Task to carry out. Copy only what lies from the line containing "PORTA NOTAS INZIA(Incluye" through the line containing "5.河南省教育科学规划课题结项证书" in the entries below, keeping both end lines exact and dropping every picture.

Data records.
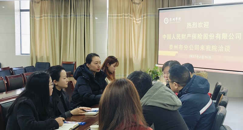 为拓宽员工实习就业渠道,推动产教融合,2月24日至26日,公司先后与青禾健康管理公司、中国人民财产保险股份有限公司泰州分公司开展校企合作洽谈。党总支副书记侯维娜、团总支书记陈琴及相关班主任、辅导员参会。
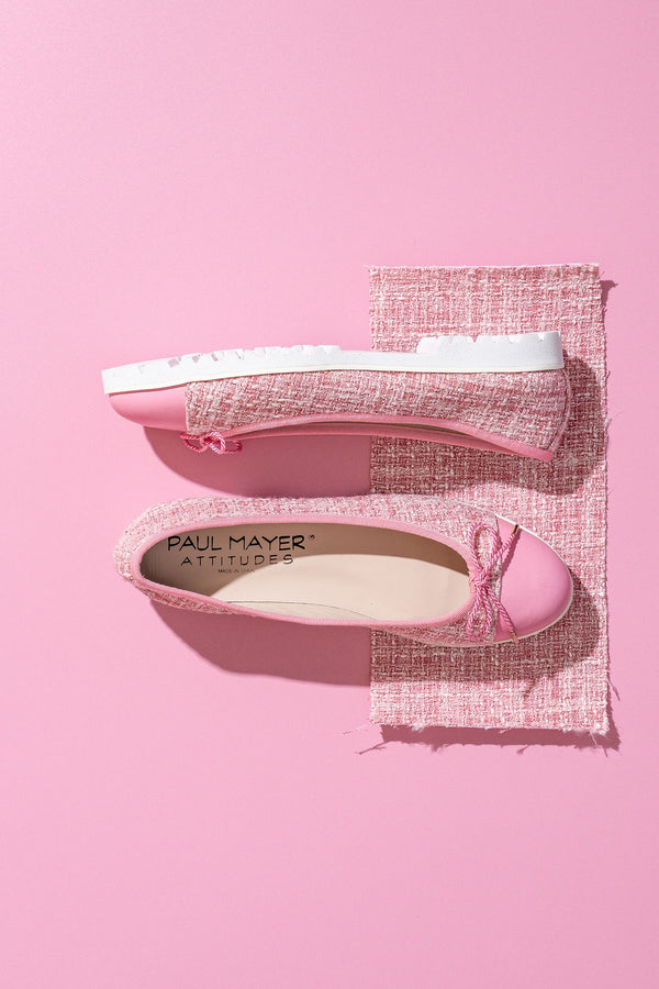 A playful twist on a modern classic. The Bravo Lug Sole Ballet returns in a charming pink tweed that feels fresh, feminine, and unmistakably Paul Mayer Attitudes. Softly textured tweed is paired with a smooth leather cap toe and delicate bow, blending timeless ballet styling with a cheerful pop of color.
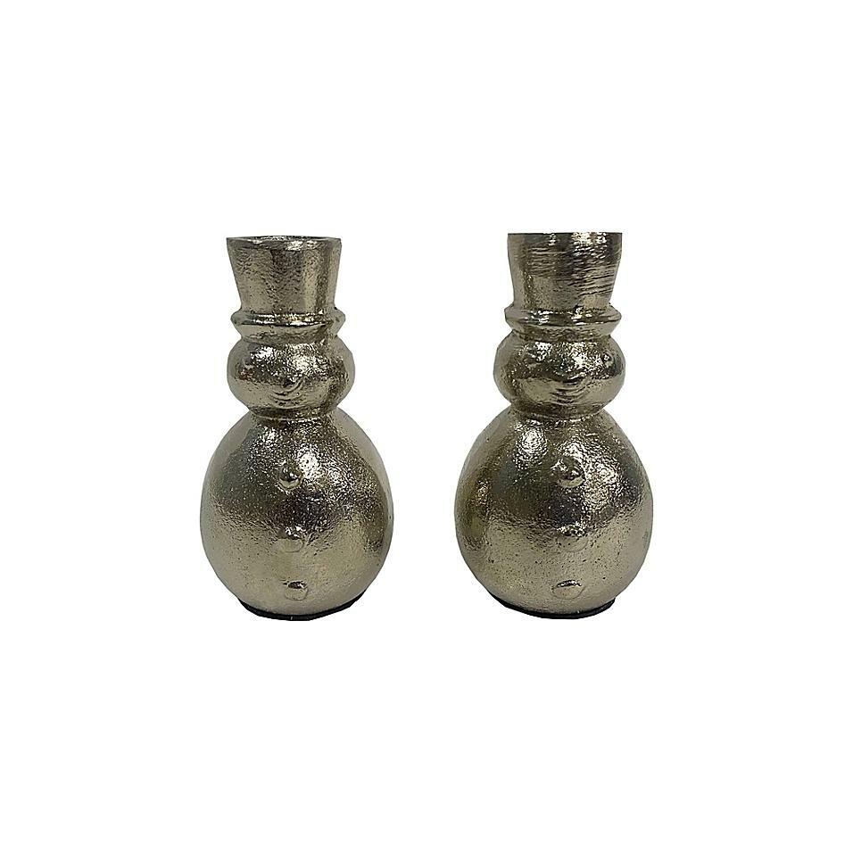 H for Happy Snowman Taper Candle Holders in Silver (Set of 2)
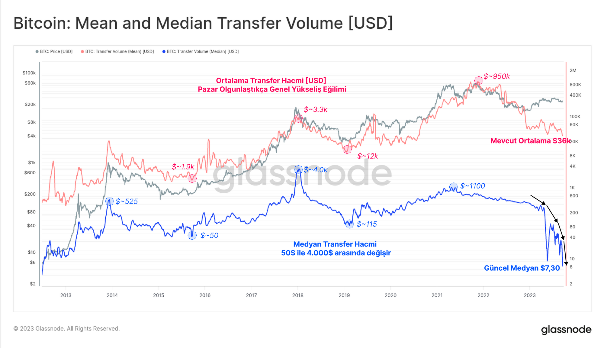 - 🔵 Medyan Transfer Hacimleri daha küçük yatırımcıları (tarihsel olarak) ve daha yakın zamanlarda yazıtları (2023'te) daha fazla temsil etmektedir.
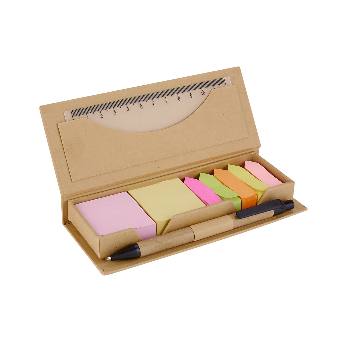 PORTA NOTAS INZIA(Incluye notas adheribles de diferentes colores, regla de 12 cm y bolígrafo ecológico.)
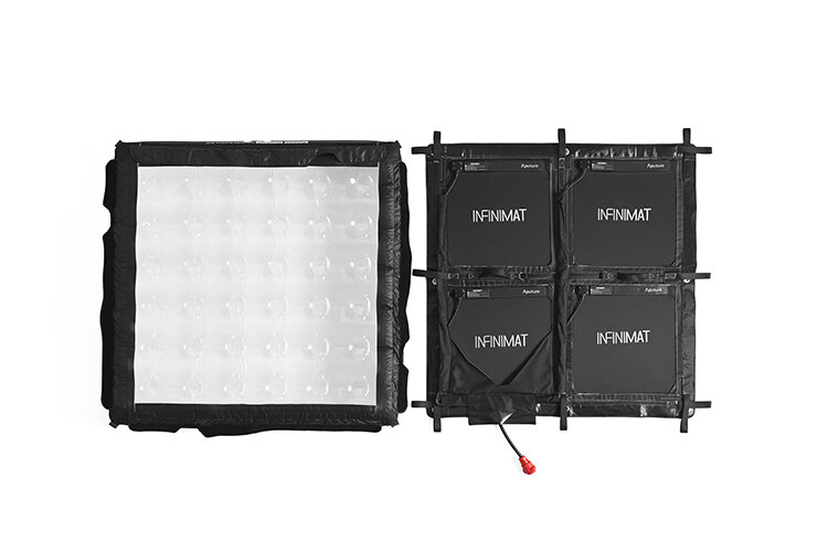 INFINIMAT — это высокофункциональные RGBWW панели в нескольких вариантах габаритов. Модульный дизайн позволяет адаптироваться к различным съёмочным ситуациям, получая наилучшее освещение. Осветитель имеет конструкцию надувной панели, а значит свет получается мягким, словно при использовании софтбокса. Также предусмотрена возможность установки сот и юбки, что позволяет гибко контролировать угол луча и резкость теней. Размер пикселя в больших панелях может быть 1x2 или 2x2 для получения нескольких цветов в пределах одного осветителя |
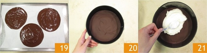 Una vez que hayas obtenido 5 discos de chocolate, transfiérelos al frigorífico y espera a que estén bien sólidos 19. Cuando el chocolate se haya solidificado, retoma el molde 20 y coloca dentro una capa de crema 21.
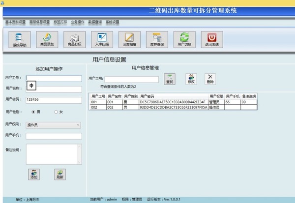 3、基础信息:用户信息设置:为系统提供操作人员功能。管理员具备增加、修改、删除的权限。如图示:
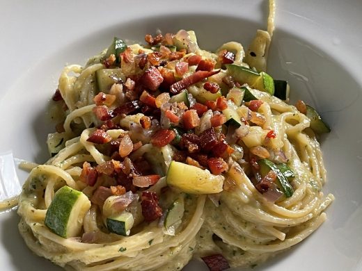 Die Kombination aus Pasta und Zucchini findet man in vielen Gerichten der mediterranen Küche wieder. Die Art der Zubereitung als Crema gibt dem Gericht aber ein gewisses Extra. Zutaten für 2 Personen: 250 g...
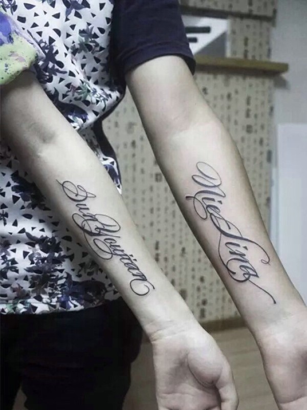 90后时尚情侣创意的英文纹身
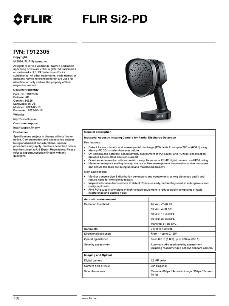 refer to exportquestions@flir.com with any • On-camera and software-based severity assessment of PD issues, and PD type classification
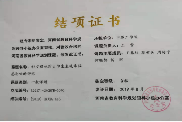 5.河南省教育科学规划课题结项证书
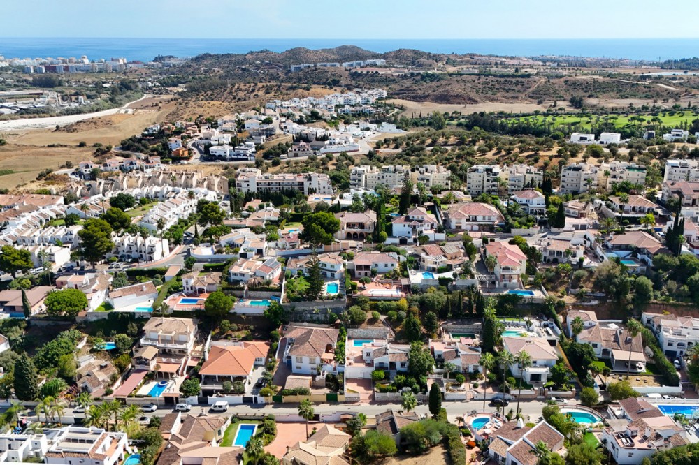 - **Beautiful One-Level Villa with Private Pool – Fuengirola / Cerros del Águila** Welcome to this charming and well-maintained villa located in the peaceful and sought-after urbanisation **Cerros del Águila** – just a short drive from golf courses, padel clubs, the Miramar shopping centre, Fuengirola’s beaches, and the brand-new public park opening less than 1 km from the property. Málaga Airport is only 25 km away, making this the ideal location for both permanent living and holiday escapes. **The Property** Set on a quiet street with very little traffic, this bright and inviting villa is all on one level and offers: * A spacious open-plan living and dining area with a wood-burning fireplace and direct access to sunny terraces and the pool area * A brand-new Danish kitchen fitted with a granite worktop, offering both style and functionality * Underfloor heating in the kitchen and both bathrooms – ideal for comfort in all seasons * New flooring throughout the house * New high-quality exterior doors and modern double-glazed windows with energy-efficient passive glass * Three generously sized bedrooms with built-in wardrobes, including a master bedroom with en-suite bathroom * Two bathrooms in total – one with a bathtub and one with a walk-in shower * Hot and cold air conditioning in the living room and all bedrooms * A private swimming pool surrounded by sun-drenched terraces and an outdoor shower * An outdoor kitchen area – perfect for al fresco dining and entertaining * A rooftop terrace with stunning panoramic views of the surrounding mountains * A large, mature garden with various fruit trees * Two garages and a fully fenced plot for added privacy and security **Excellent Investment Potential** This villa is not only a wonderful home – it also represents a strong investment opportunity. Short-term holiday rentals are permitted in Cerros del Águila. This is a rare find – combining quality, privacy, and proximity to everything the Costa del Sol has to offer. Whether you’re looking for a stylish full-time residence, a holiday getaway, or a smart investment, this villa ticks every box. **Contact us today to arrange a viewing !**

Solution to the exercise.
 PORTA NOTAS INZIA(Incluye notas adheribles de diferentes colores, regla de 12 cm y bolígrafo ecológico.)
 INFINIMAT — это высокофункциональные RGBWW панели в нескольких вариантах габаритов. Модульный дизайн позволяет адаптироваться к различным съёмочным ситуациям, получая наилучшее освещение. Осветитель имеет конструкцию надувной панели, а значит свет получается мягким, словно при использовании софтбокса. Также предусмотрена возможность установки сот и юбки, что позволяет гибко контролировать угол луча и резкость теней. Размер пикселя в больших панелях может быть 1x2 или 2x2 для получения нескольких цветов в пределах одного осветителя |
 Una vez que hayas obtenido 5 discos de chocolate, transfiérelos al frigorífico y espera a que estén bien sólidos 19. Cuando el chocolate se haya solidificado, retoma el molde 20 y coloca dentro una capa de crema 21.
 3、基础信息:用户信息设置:为系统提供操作人员功能。管理员具备增加、修改、删除的权限。如图示:
 Die Kombination aus Pasta und Zucchini findet man in vielen Gerichten der mediterranen Küche wieder. Die Art der Zubereitung als Crema gibt dem Gericht aber ein gewisses Extra. Zutaten für 2 Personen: 250 g...
 90后时尚情侣创意的英文纹身
 refer to exportquestions@flir.com with any • On-camera and software-based severity assessment of PD issues, and PD type classification
 5.河南省教育科学规划课题结项证书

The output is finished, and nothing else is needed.